Tarr was referring to the company’s self-described “combination” with former rival satellite image provider GeoEye Inc. GeoEye (Nasdaq: GEOY) is based in Herndon, Virginia, and retains its name and executive team. DigitalGlobe shareholders control 64 percent of the combined company in a deal worth about $900 million.
It’s uncertain how required federal budget cuts slated to go into effect on Friday, March 1, could affect DigitalGlobe, Tarr said in the earnings call. But its key government EnhancedView contract is “mission critical” to U.S. defense forces, Tarr said. In addition, the company made cuts to the EnhancedView program going into 2013, Tarr said. The contract makes up 35 percent of company revenue, he said. In all, government contracts make up 50 percent of company revenue, Tarr said.

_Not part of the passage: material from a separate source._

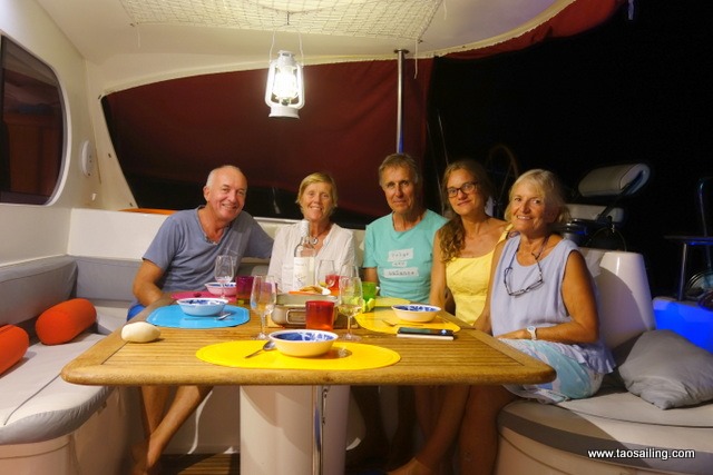 L’équipage de Blue Pearl, un yacht Américain, nous rejoint pour partager le festin que les gardes nous ont préparé.

“We feel really good about it, and we feel great about the capacity and the value of that capacity that we are delivering to our U.S. government customer,” Tarr said.
At the same time, company revenue from private sources is growing, Tarr said, adding that the GeoEye combination has made DigitalGlobe more diversified because its focus is now less capital intensive on the geospatial information business.
The company expects to report revenue in the range of $635 million to $660 million for 2013, according to the earnings report. The estimate includes the revenue contribution from GeoEye that started on Feb. 1.
DigitalGlobe expects to spend $230 million on capital expenditures this year, according to the report. Expenditures include the work to complete the new GeoEye-2 satellite but not launch it, the company said; continued work on the newWorldView-3 satellite; and maintenance.